Collecta Search Widget

Real-time, along with mobile and a few other usual suspects, made many lists of things the web will be in 2010. It just became easier to put real-time search on your website, thanks to a new widget from Collecta. As ReadWriteJolie observed:

Widgets can be created around any search terms imaginable and customized in a number of ways. Results are automatically refreshed… and include results from blogs, microblogs, news feeds and photo sharing services.

This post doesn’t include an example of a Collecta widget, because the widget uses iframe, which isn’t allowed at WordPress.com. Collecta is not among the shortcodes available (at least, not among those documented). I can, however, link you to the relevant post at the Collecta blog (also hosted at WordPress.com).

I do provide an example of a Collecta widget over at WanderNote. That widget gives search results for Evernote, since WanderNote offers to turn Evernote notes into WordPress posts (and to do so free of charge, by the way).

Things That Aren't (Just) Search

So, what isn’t (just) search? The last week or two has given us great insight into this question.

  • Yahoo is not a search company. Good call by CEO Carol Bartz. I’m glad to see that the stock has gone up: I bought some a few months ago, on the basis that things couldn’t get much worse without provoking a takeover.
  • Wolfram Alpha is not a search engine. It’s “a computational knowledge engine,” and so can do some things better than Google or other search engines.
  • Bing is, according to one of its URLs and to the video currently there, a decision engine. I agree with Erick at TechCrunch that Bing isn’t the best name. It makes me think of the singer, and of the song “I’m dreaming of a blue screen of death“.

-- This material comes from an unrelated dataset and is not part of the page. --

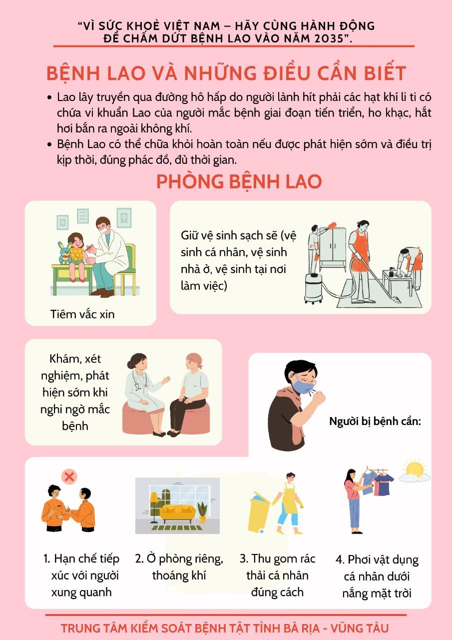 3. Người bị bệnh Lao phải điều trị càng sớm càng tốt, tránh lây lan cho những người trong gia đình và người xung quanh. Bên cạnh đó, bệnh nhân Lao không được khạc nhổ bừa bãi; tốt nhất là đeo khẩu trang liên tục trong 02 tháng đầu điều trị. Cần phơi chăn, chiếu, vật dụng của bệnh nhân Lao ra nắng mỗi ngày.

For the record, I’m not a search engine either. I am married with children.

Vertical Search For T-Shirts

Searching for good t-shirts? Well, then, how about a search engine just for t-shirts? It didn’t previously occur to me as a good domain for a vertical search engine, but when I read about PleaseDressMe/ (via TechCrunch) I thought it was a great idea.

But what about the execution? My rigorous testing of PleaseDressMe to date consists of searching for shirts relevant to “sasquatch.” The site showed me just one, “Sasquatch In Disguise,” at Threadless. The search results page gave me a price of $17, even though it’s been on sale for $12 for a week now.

The search results didn’t include a rather cool Sasquatch shirt I remember seeing elsewhere a year or too back. Googling for “sasquatch tshirt” yielded many shirts, but not the one I remembered.

I still regard PleaseDressMe as a good, maybe even great idea, and look forward to its improved implementation.

By the way, this post is a rather gentle drift back toward the social media side of Changing Way, after a couple of months of light posting: light in terms of volume of posts, and in terms of the proportion of posts categorized as Fun and not as Web or Business.

Cuil Goes Dark, Hits Back

The big web story of the day is the launch of Cuil, the search engine with the black background and the ex-Google founders. There are already two strikes against it:

  1. The service went down shortly after going up. That’s not as serious as it might sound: many heavy hitters take a strike. Or, as kindly old Uncle Mikey TechCrunch put it, flatlining right after your launch is more of a rite of passage than an embarrassment.
  2. Cuil is coming to bat on Google’s field. Or, as Mashable Stan put it, the entire web bends to Google’s will because every web site wants to be positioned well on Google.

Then I threw Cuil the Changing Way pitch. It got a hit, as you can see. I’ll see how it does in the second inning and beyond…

Topicle: Is That All There Is?

You can build your own vertical search engine using Topicle. Topicle is a platform for vertical search engines, rather as Ning is a platform for social networks and BricaBox is a platform for social content.

That’s about as exciting as I can make Topicle sound. It’s less of a platform than a veneer on top of the Google Custom Search platform. I set up a Custom Search engine about a year and a half ago. There’s a link to said engine in the sidebar of this blog, since it provides Directions Along the Changing Ways: it enables search of, not just this blog, but the whole happy Changing Way family of sites.

I did create a search engine for Boston at Topicle. I remain underwhelmed. It’s essentially a list of site URIs. Note that you (yes you) can edit the list.

The most interesting part of the exercise came when I tried to make the engine understand the Boston-ness of this blog. Posts I put in the Boston category should be searched. Posts I put in other categories (e.g., WordPress) should not be searched by the Boston engine.

So I included the Boston category by specifying the URI http://changingway.org/category/boston/. Although Topicle/Google accepted the URI, it doesn’t appear to do the corresponding search. I got similar results, or lack of results, when I included the feed for the Boston category.

I know that eclectic blogs like this one present problems for vertical search, but I think it’s a problem that vertical search engines need to solve. Lest you think that this blog is alone in its eclecticism, I give you the example of Fred Wilson.

There’s more enthusiastic coverage of Topicle at RWW and at Mashable. It notes that “former Google Product Manager Steffen Mueller” is behind Topicle.